Амвросий грыз яблоко и слушал рассказ Сюзанны.

— Поклюй виноградику, — он пододвинул тарелку с кистями бледно-желтых ягод. — Ты полагаешь, они наладят ищеек по нашему следу?

Сюзанна задумчиво вертела ягоду у губ, слегка надкусывала, пробуя сок языком.

— Да, — сказала она после некоторого молчания. — Они будут вынюхивать все, что касается нас. Они думают теперь только о своем спасении. Они готовы заплатить любую цену и пролить сколько угодно чужой крови, чтоб замедлить свое духовное угасание.

— Они не успеют, — сказал Амвросий, — у них нет столько крепких голов, сплошное гнилье.... А что твой постоялец Иван, никак себя не высветил?

— В нем что-то другое, — сказала Сюзанна. — Я не очень-то верю его астрономическим увлечениям. Возможно, это прикрытие.

— А он не на коммунистов старается? — пытливо посмотрел Амвросий на Сюзанну.

— Только не это, — уверенно отвергла она. — Большевики для него безразличны, как и любая партия единомышленников, это я чувствую безошибочно. Для подсадной утки он слишком просторен внутри и слишком умен, хотя пытается скрыть и то, и другое.

— Может, он просто бзикнутый?

— Тоже нет, он весьма рационален. Этакий холодный, закрытый интеллект. Замкнутый, с броневой защитой логики... Скорее — это я говорю в качестве предположения — он всего лишь одинокий путник в поисках философского камня.

— Ну да, ну да, — размыслил Амвросий, — ты всегда была добра к людям.... Какие-нибудь книги в его обиходе ты заметила? Что он читает?

— Ничего систематического, чисто случайный набор книг и журналов. Да, еще заметно: отсутствуют детективы и любовные романы.

— А он не пользуется сеансами интеллектуализации в районной поликлинике?

— Нет, кто ж ему выдаст талоны на интеллектуализацию?
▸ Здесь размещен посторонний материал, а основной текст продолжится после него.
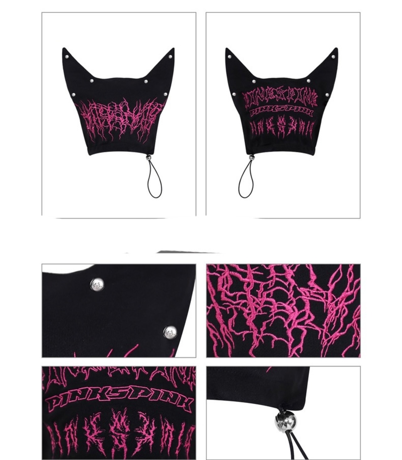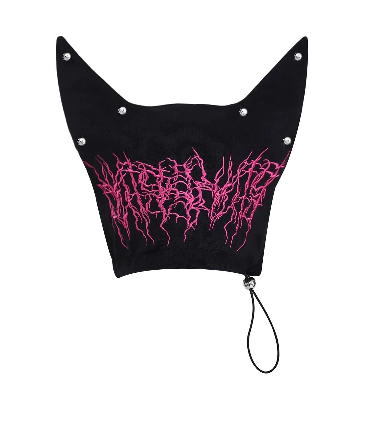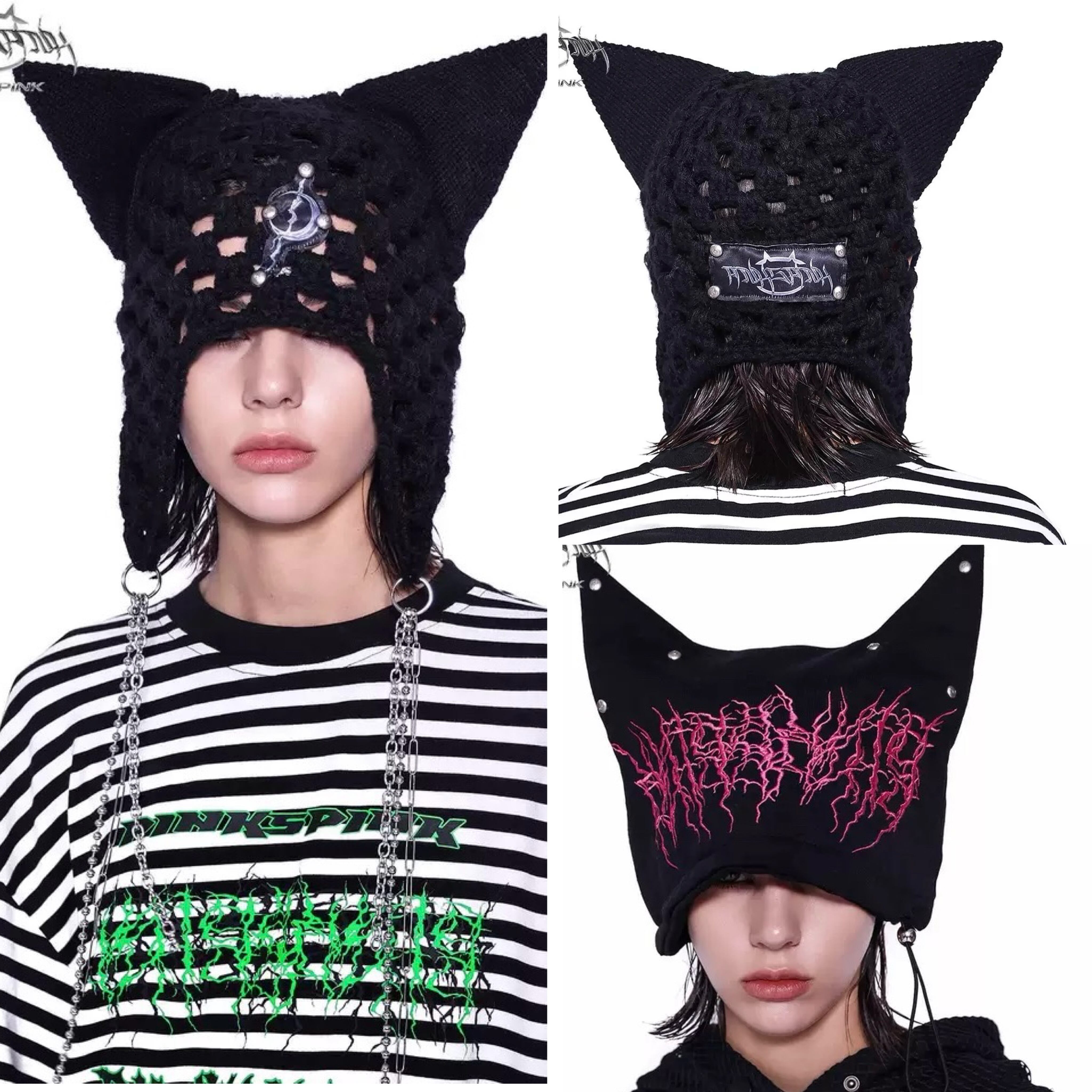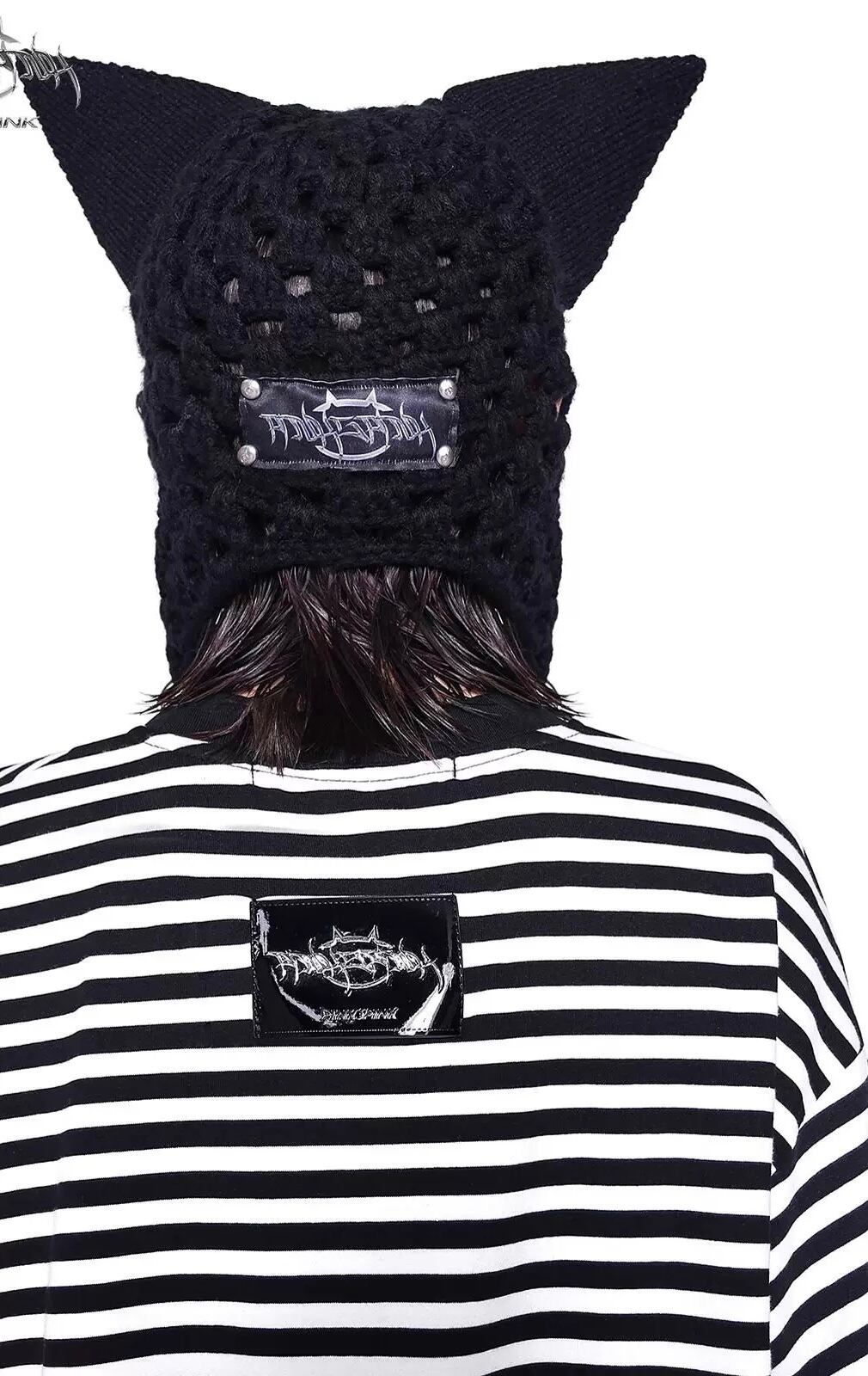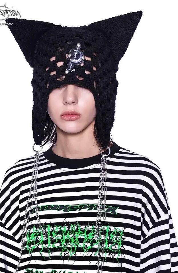 ねこ耳 つの ねこ 帽子 メッシュ 黒

— Да, конечно. А чем занята Лидия?

— В отделе здравоохранения добывает статистику дебилизации за последнее десятилетие.

— И что это нам даст?

— Очень много! — рассмеялась Сюзанна.

Доктор был по обыкновению своему мрачен. Не шутил, как это делают профессиональные, хорошо оплачиваемые врачи. Не жонглировал напускным оптимизмом. Таких скептиков, как он, обычно не любят, но таким доверяют больше, чем остальным.

— Что скажете, доктор? Есть какие-нибудь проблемы? — спрашивал из-за ширмы Александр Вениаминович, стягивая с полнеющего сытого тела плотно облегающий специальный костюм, похожий на легководолазную униформу, опутанную проводами датчиков. Александр Вениаминович только что принял сеанс принудительной интеллектуализации, совмещенный с тестированием в специальной темной камере, сидя перед бледно-голубоватым экраном, нажимал различные кнопки, когда на экране появлялись бегущие цифры, отлавливая необходимые, группировал цифры и геометрические фигуры по заданной программе и производил прочие действия, регулируя тем самым работу камеры, ее химические и магнитные параметры.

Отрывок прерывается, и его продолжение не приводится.